IMG_4399Once again, in planning for Denali, we relied on our Alaskan fairy godmother, Judy White of RaftDenali.  We slept a second night at the great cabin at RaftDenali overlooking the rapids outside of Denali (near the entrance to the park).  Many people start out at Denali by taking a tour bus through the park. This is a great way to see wildlife and figure out areas that you would like to explore if you are a hiker.  There are various tours, including a guided tour by the Park.  However, it tends to a little pricey and Judy encouraged us to take the standard bus ride.  The reason is that there is only a two lane road (largely a dirt road) going into Denali. So it is the same road and you are paying extra just for the commentary.  What we found was that the standard bus (which is roughly $34 to Eielson (kids under 16 are free) was perfect. Our driver there, Elton, was wonderfully knowledgeable and literally guided the whole four hour drive to Eielson which is roughly 66 miles into the Park.  All of the drivers are incredibly well trained and friendly (as are the rangers). They could not be nicer or more eager to help you plan your visit.  The drivers give you all the history and facts of the park and stop for animal sightings.  By the end of the trip with Elton and Kim as drivers, we saw bear, caribou herds, eagles, moose, foxes, and sheep.  I cannot imagine more information on a “guided” tour so this is the ticket for those entering the park. We chose Eielson, which put us deep into the park and was a jump off for the Alpine trail.  The only unnerving part of bus is that the drivers move at a good clip over a dirt road that can barely fit to two buses.  At points they drive along the edge of deep cliffs with only a foot of gravel road between you and the almighty.  As the passengers watch in terror, the drivers continue to chat away without the slightest concern that they are inches away from making the evening news.  If you do not like heights, sit on the right side going to Eielson and the left side returning.

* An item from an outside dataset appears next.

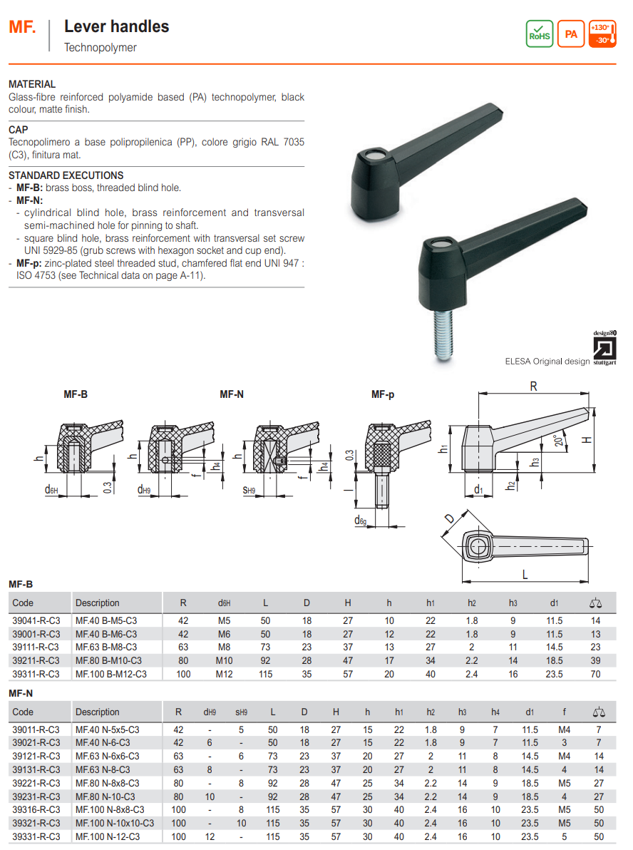 MF-N 레버 핸들 (원통형 혹은 사각형 홀) - 10개입
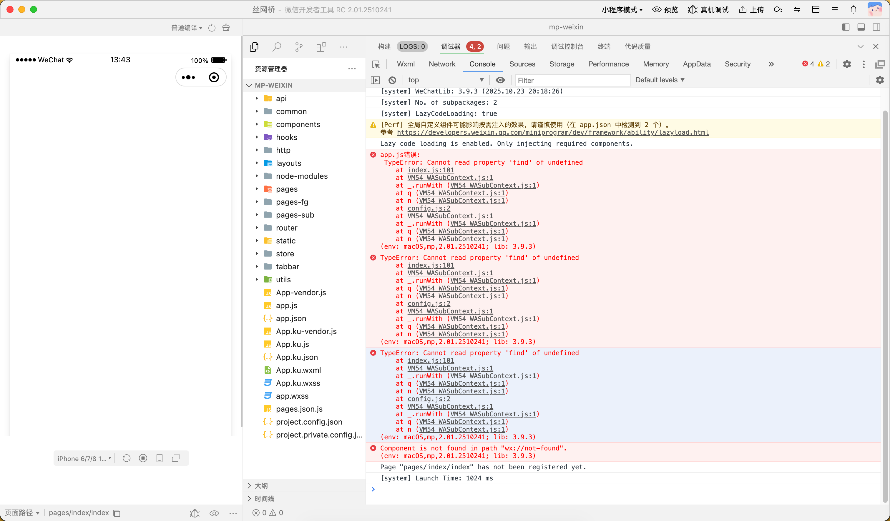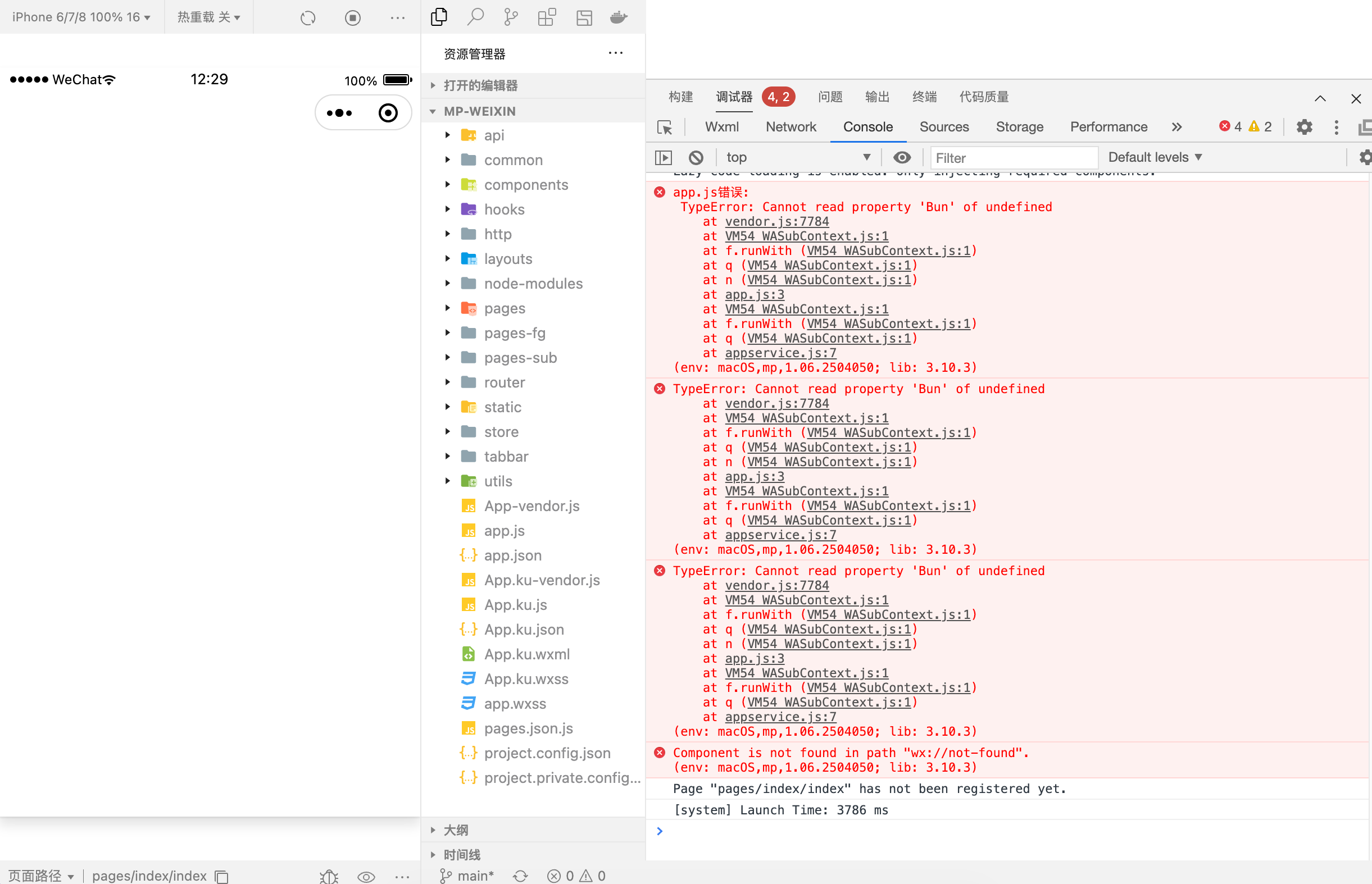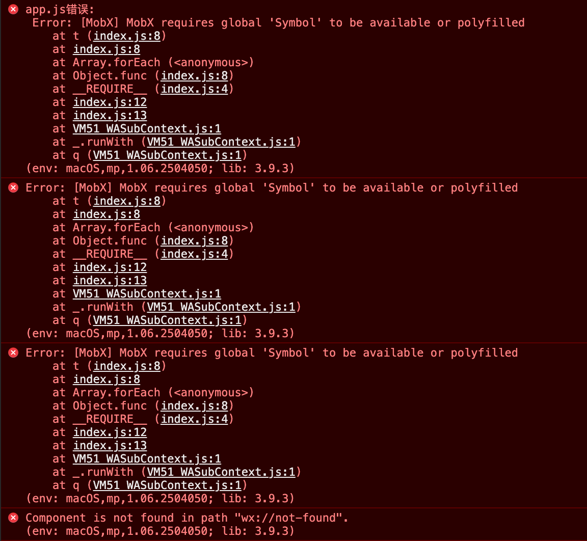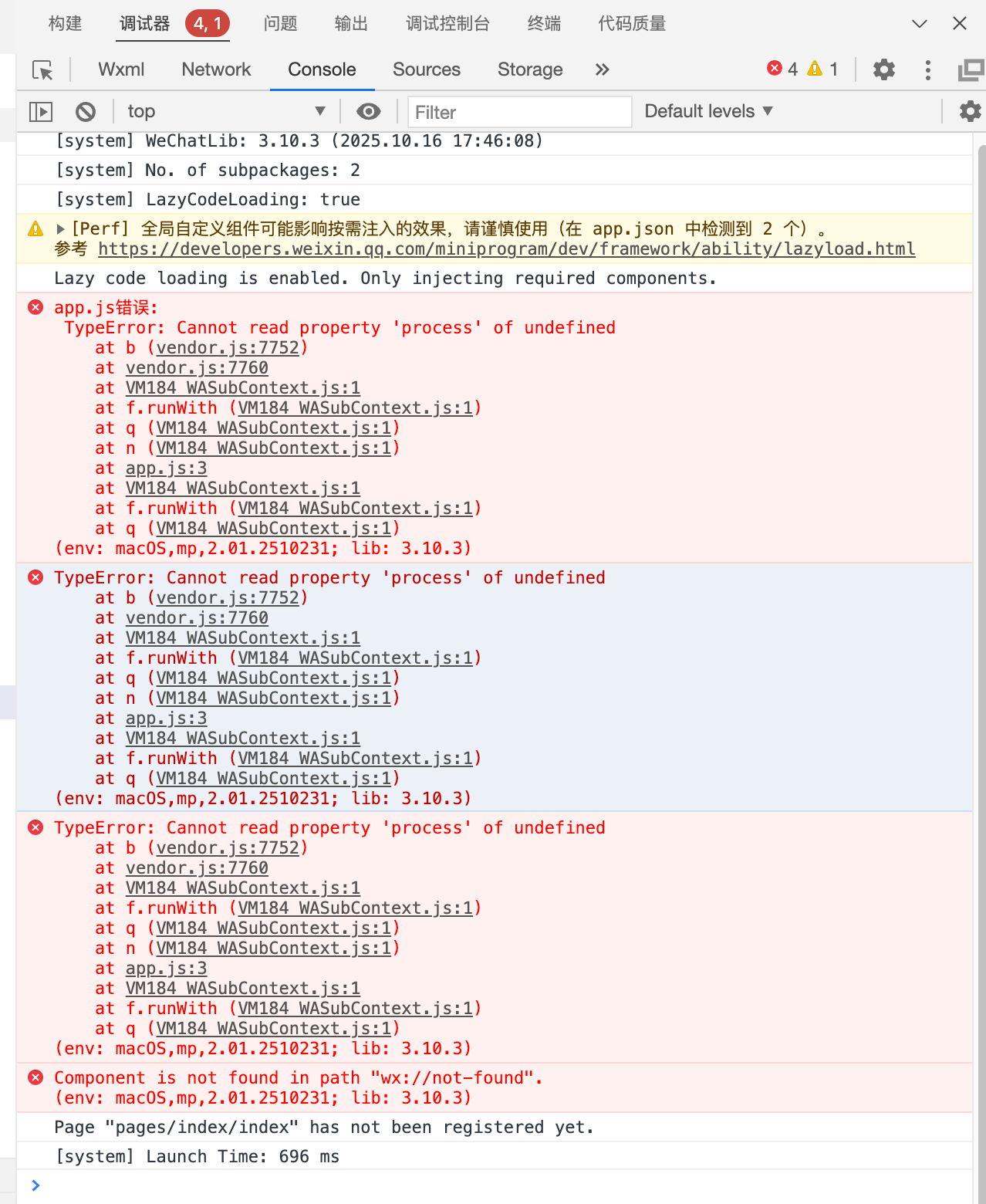 TypeError: Cannot read property 'process' of undefined at b (vendor.js? [sm]:7978) at vendor.js? [sm]:7986 at VM56 WASubContext.js:1 at f.runWith (VM56 WASubContext.js:1) at q (VM56 WASubContext.js:1) at n (VM56 WASubContext.js:1) at app.js? [sm]:3 at VM56 WASubContext.js:1 at f.runWith (VM56 WASubContext.js:1) at q (VM56 WASubContext.js:1)(env: Windows,mp,1.06.2504050; lib: 3.10.3)本来看今天的更新日志修复了很多问题,就更新了,结果一天都是好的,到了现在又坏了 真他妈服了, 一个大厂的程序发布就是这样的吗

IMG_4435Since the drive into the park takes hours (which is well used in seeing animals and scenery), you have to choose your hike on the first day carefully.  Fortunately, the 20 hours of sun helps you hike later but you can generally do one good hike before having to make the long trip back.  We chose the Alpine Trail next to Eielson. This is one of the few marked trails in the park.  I love to hike on tundra so it was perfect.  The trial takes you to one of the highest points in the area and you can see Mt. Denali.  It also takes you to a ridge line and we then went off trail for a good portion of the hike.  It was one of the prettiest hikes that I have ever taken. What makes it particularly special was that it was raining cats and dogs for much of the day. We were very bummed by how overcast and gloomy it was — with limited visibility.  We still saw animals on the way but most people just got back on the bus for the return trip (most people just do the bus ride but some are hikers).  One group of hikers bailed after arriving.  We were stubborn and decided to do the hike in the rain. I am so glad that we did. When we reached the top, the rain stopped and suddenly a gorgeous blue sky emerged. It was magical.  Jack and I were elated.  We were literally hiking in the clouds. We hiked off trail with incredible views of the surrounding glacial plains, mountains, and tundra.  At the summit, we encountered a huge community of Arctic Ground Squirrels and collared pika.  They are totally fearless and will come right by you.  Hikers generally are good about not feeding the animals and they are not begging for food. They simply have no fear.  Neither did a red fox that walked right by a group of hikers that we saw earlier in the day.  They are incredibly cute, though we did find evidence that a certain butt-kissing exists in every hierarchical society:

IMG_4388We finished the hike around 5:30 and went standby for a return bus (you are guaranteed a seat on the bus that you leave on but hikers can always jump on any green bus from Eielson. You rarely have to wait more than one bus to hop on and the rangers will not leave you stranded. However, you need to let the rangers know if you are trying for that last bus. The last bus leaves at 7:30 but checked with the rangers).  That meant that we got back to the park entrance at 9:30 but we saw a lot of animals on the return including a sleeping bear on a hillside.  Unfortunately, as we discussed earlier, the wolf population has been devastated by climate change and hunting.  The state refused to continue a protective buffer zone around the park, which allowed hunters to trap and kill the few remaining wolves in the area.  It is a huge tragedy for the country and a shameful record for state wildlife officials.  The famed East Fork Pack is likely to die this year due to the failure of these officials to maintain basic protections.  For one hunter to get a trophy, the last remaining Alpha male has been killed at a loss for the entire nation.  I love the Alaskan balance of hunting and recreation and land use.  However, what happened to the East Fork Pack is a terrible tragedy.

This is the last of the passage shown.